-- EXTRACTED INFORMATION follows --

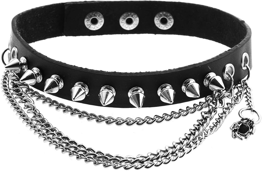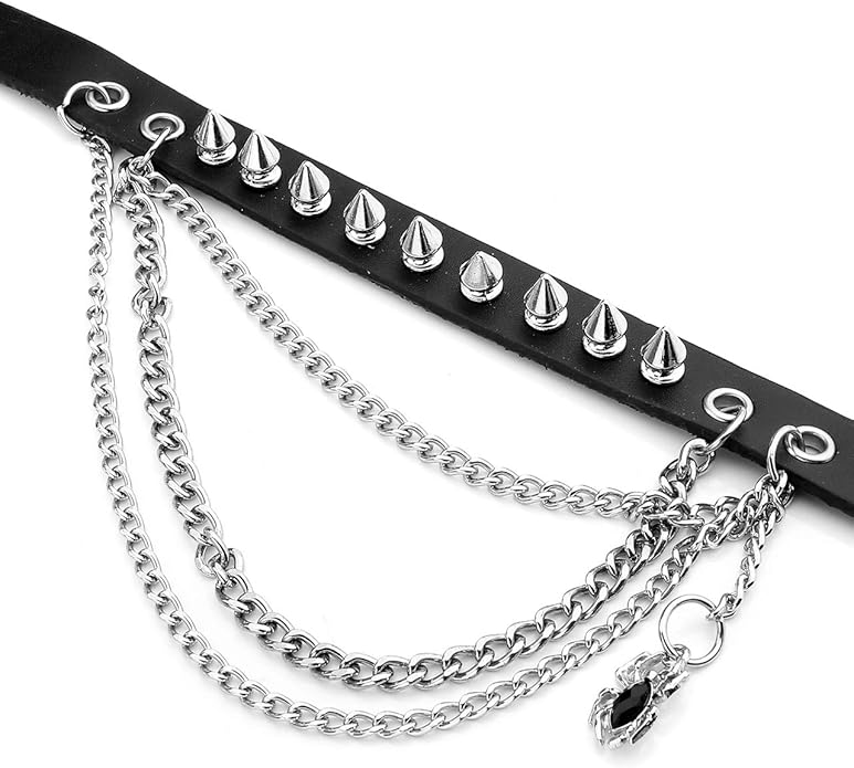 - Genuine Leather material with alloy spikes and chain accessories, with a Spider dangling charm
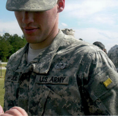 Our son, Anthony Santucci, has wanted to go into the military since he was a small boy. His father was in the Army, three of his uncles were in the Marines and one was in the Air Force. As a small child, he was always playing “army.” His grandfather gave him a pair of camouflage overalls that I mended to fit him. He also made a wooden rifle and mounted a scope on it. Anthony was around 8 years old at that time. He has been jumping out of, and off of, things since he was 2 years old.
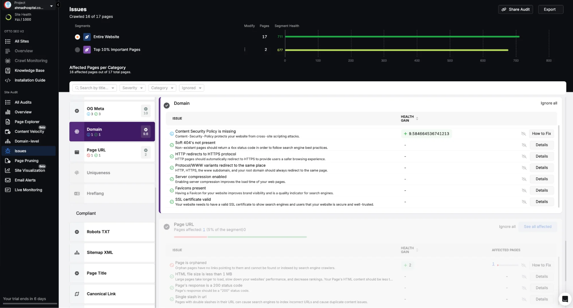 Most SEO tools diagnose medical issues, while OTTO fixes them. In health SEO, where medical content accuracy and regulatory consistency matter, Search Atlas OTTO SEO enforces structured deployment based on rulesets tied to YMYL medical standards.
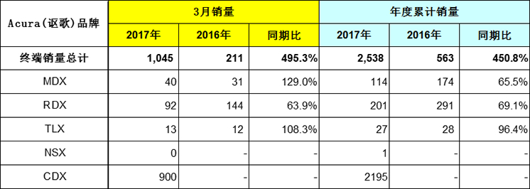 Acura(讴歌)品牌3月终端累计销量为1,045辆,去年同期比为495.3%。
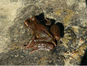 形态特征:尾蟾全长3.7-5.0厘米,寿命15-20年。有软骨支撑的尾状构造,故名为尾蟾。背部皮肤相当粗糙,拟态周围居住岩石的颜色,通常是橄榄灰色、棕色、红色或黑色,上有三角形黄色和灰色,浅黄色或绿色的斑纹,身体及四肢纤细,头平扁,吻尖,瞳孔垂直,没有鼓膜,鼻子上的黑眼纹一直延伸至眼睛后。有硬化的指尖般爪子,以帮助在水流底部的岩石之间爬行。主要用肺呼吸。由于肺的结构比较简单,皮肤起着重要的辅助呼吸作用,皮肤呼吸主要排出二氧化碳。
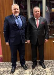 14 марта 2025 года Президент Международного Фонда духовного единства народов (МФДЕН) профессор В.А.Алексеев встретился в офисе Фонда в Москве с Заместителем Председателя Комитета по развитию гражданского общества, вопросам общественных и религиозных объединений Государственной Думы Федерального Собрания Российской Федерации С.П.Обуховым.
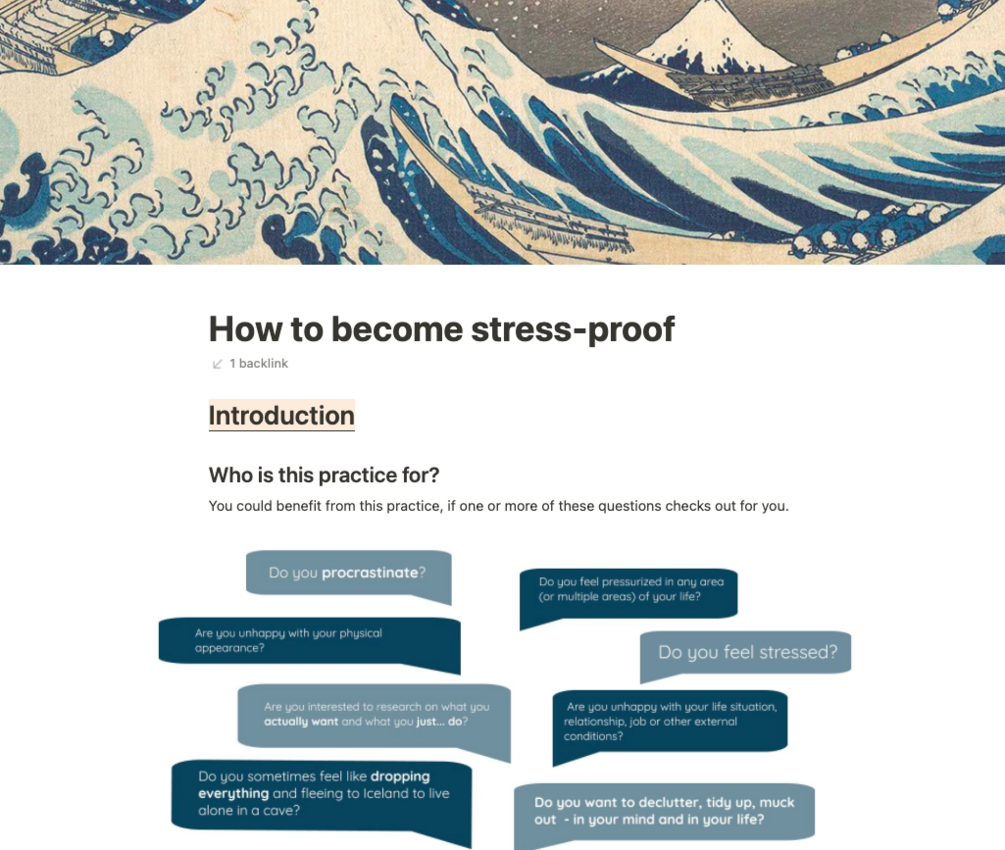 The Notion template allows you to type your notes directly into the worksheet. The practice can however just as well be done with pen and paper - in that case, the PDF will be fully sufficient.
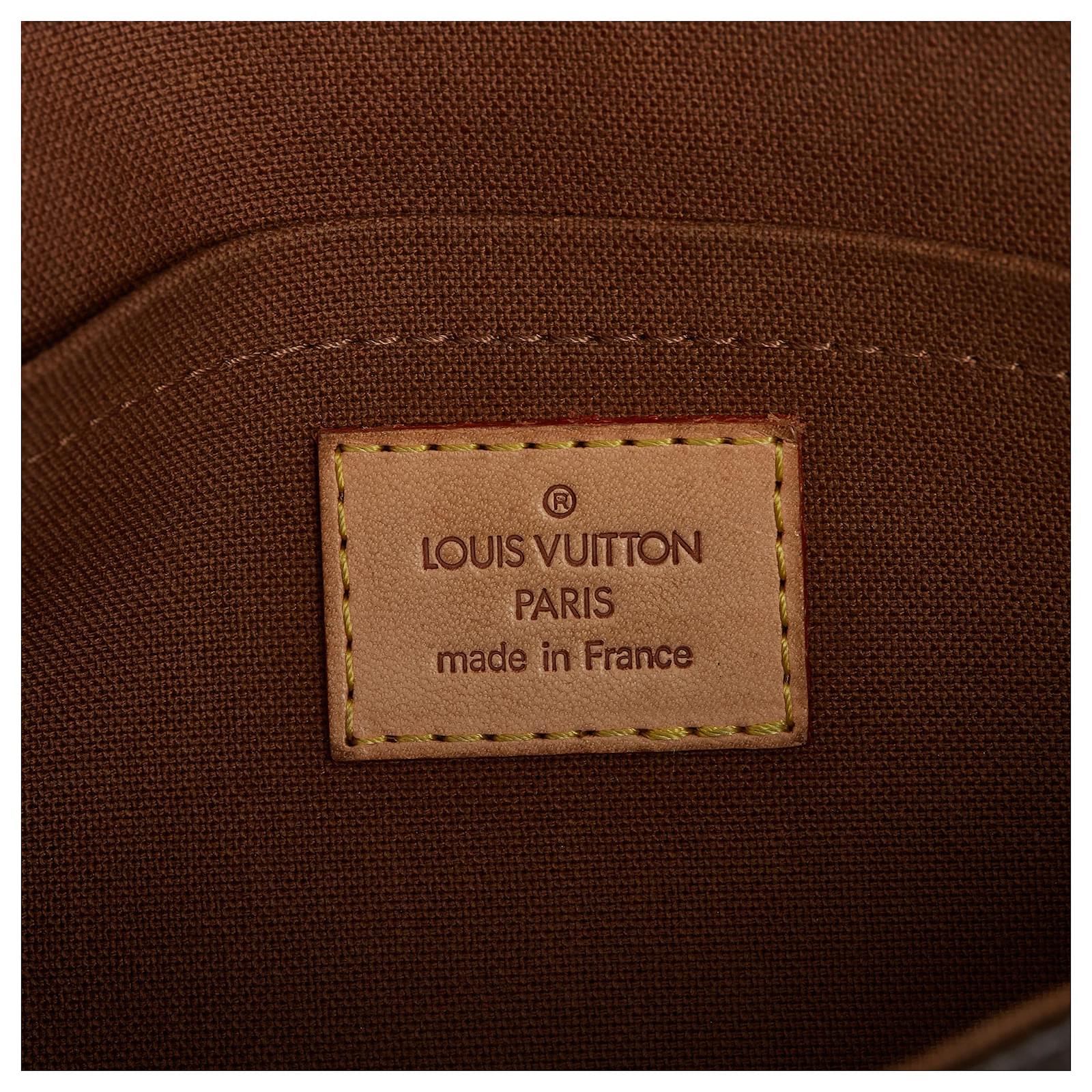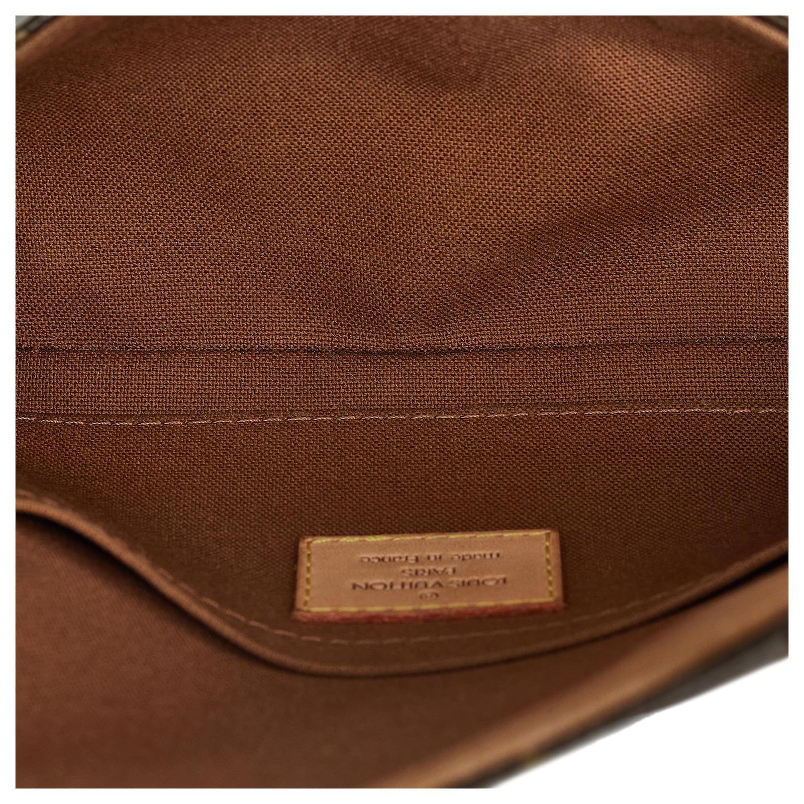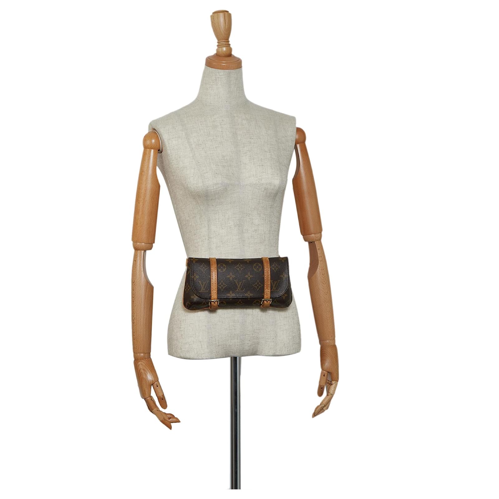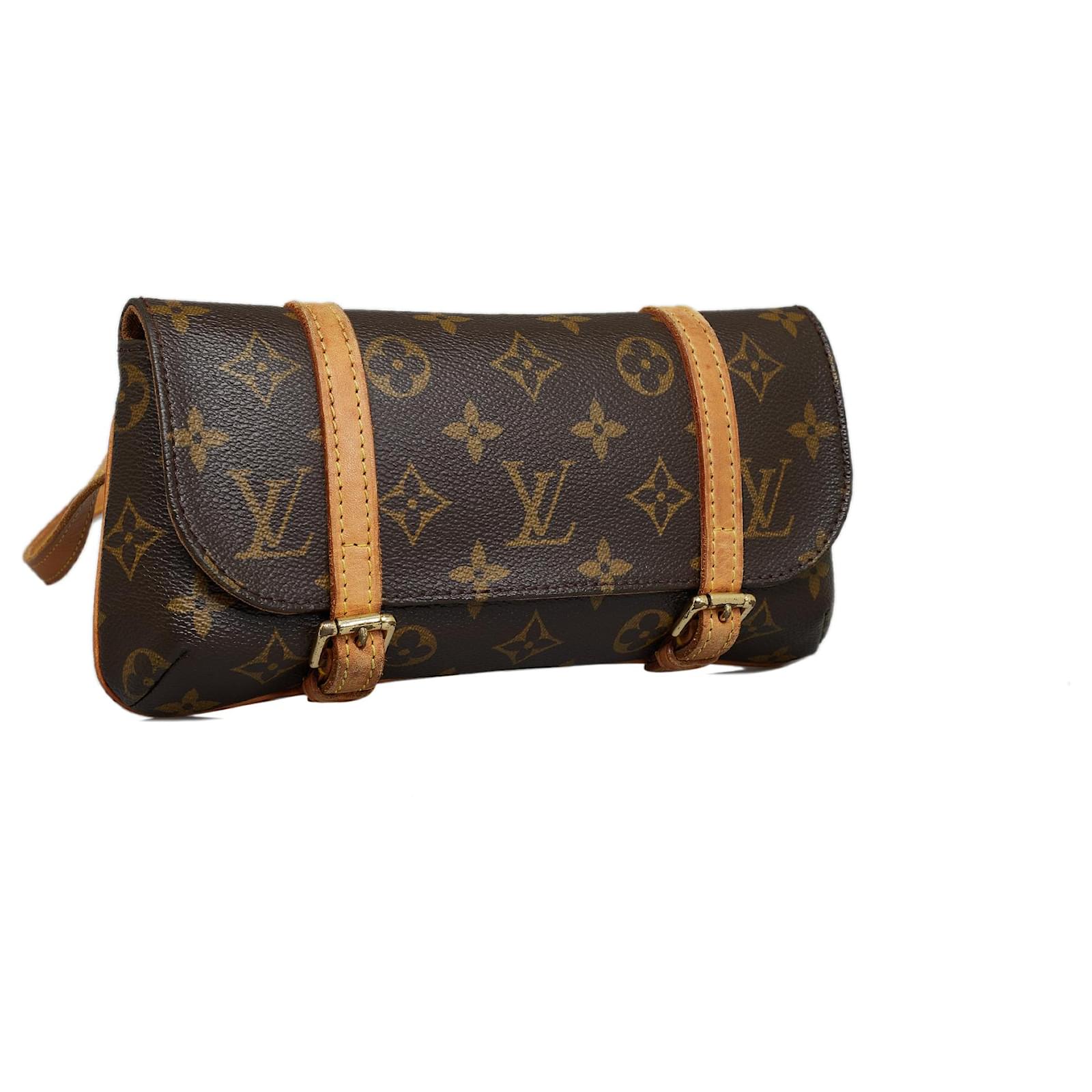 The Pochette Marelle features a monogram canvas body, adjustable vachetta leather waist strap, a front flap with belt closures, and an interior slip pocket. It carries a B+ condition rating.\r\n\r\nExterior Front Discolored, Out of shape, worn. Exterior Front stained with Other. Exterior Back Discolored, Out of shape, worn. Exterior Back stained with Other. Exterior Bottom Discolored, worn. Exterior Handle Discolored, worn. Exterior Handle stained with Water Mark. Exterior Corners Worn. Exterior Side Discolored, worn. Exterior Top Discolored, worn. Interior Lining Discolored. Interior Pocket stained with Other. Lock Rusty/tarnished, scratched. \r\n\r\nDimensions: \r\nLength: 12 cm\r\nWidth: 24 cm\r\nDepth: 137 cm\r\nShoulder Drop: 72\r\n\r\nInclusions: No longer comes with original accessories.\r\n\r\ncolor: brown\r\n\r\nMaterial: Canvas x Monogram Canvas x Leather x Vachetta leather\r\n\r\nCountry of origin: France\r\n\r\nSerial: MI0094\r\n\r\nBoutique Reference: PJC234648F956 \r\n

-- EXTRACTED INFORMATION concluded --

ASSIGNMENT
Copy every entry above exactly as it stands, but leave the pictures out.

EXERCISE RESULT
 - Genuine Leather material with alloy spikes and chain accessories, with a Spider dangling charm
 Our son, Anthony Santucci, has wanted to go into the military since he was a small boy. His father was in the Army, three of his uncles were in the Marines and one was in the Air Force. As a small child, he was always playing “army.” His grandfather gave him a pair of camouflage overalls that I mended to fit him. He also made a wooden rifle and mounted a scope on it. Anthony was around 8 years old at that time. He has been jumping out of, and off of, things since he was 2 years old.
 Most SEO tools diagnose medical issues, while OTTO fixes them. In health SEO, where medical content accuracy and regulatory consistency matter, Search Atlas OTTO SEO enforces structured deployment based on rulesets tied to YMYL medical standards.
 Acura(讴歌)品牌3月终端累计销量为1,045辆,去年同期比为495.3%。
 形态特征:尾蟾全长3.7-5.0厘米,寿命15-20年。有软骨支撑的尾状构造,故名为尾蟾。背部皮肤相当粗糙,拟态周围居住岩石的颜色,通常是橄榄灰色、棕色、红色或黑色,上有三角形黄色和灰色,浅黄色或绿色的斑纹,身体及四肢纤细,头平扁,吻尖,瞳孔垂直,没有鼓膜,鼻子上的黑眼纹一直延伸至眼睛后。有硬化的指尖般爪子,以帮助在水流底部的岩石之间爬行。主要用肺呼吸。由于肺的结构比较简单,皮肤起着重要的辅助呼吸作用,皮肤呼吸主要排出二氧化碳。
 14 марта 2025 года Президент Международного Фонда духовного единства народов (МФДЕН) профессор В.А.Алексеев встретился в офисе Фонда в Москве с Заместителем Председателя Комитета по развитию гражданского общества, вопросам общественных и религиозных объединений Государственной Думы Федерального Собрания Российской Федерации С.П.Обуховым.
 The Notion template allows you to type your notes directly into the worksheet. The practice can however just as well be done with pen and paper - in that case, the PDF will be fully sufficient.
 The Pochette Marelle features a monogram canvas body, adjustable vachetta leather waist strap, a front flap with belt closures, and an interior slip pocket. It carries a B+ condition rating.\r\n\r\nExterior Front Discolored, Out of shape, worn. Exterior Front stained with Other. Exterior Back Discolored, Out of shape, worn. Exterior Back stained with Other. Exterior Bottom Discolored, worn. Exterior Handle Discolored, worn. Exterior Handle stained with Water Mark. Exterior Corners Worn. Exterior Side Discolored, worn. Exterior Top Discolored, worn. Interior Lining Discolored. Interior Pocket stained with Other. Lock Rusty/tarnished, scratched. \r\n\r\nDimensions: \r\nLength: 12 cm\r\nWidth: 24 cm\r\nDepth: 137 cm\r\nShoulder Drop: 72\r\n\r\nInclusions: No longer comes with original accessories.\r\n\r\ncolor: brown\r\n\r\nMaterial: Canvas x Monogram Canvas x Leather x Vachetta leather\r\n\r\nCountry of origin: France\r\n\r\nSerial: MI0094\r\n\r\nBoutique Reference: PJC234648F956 \r\n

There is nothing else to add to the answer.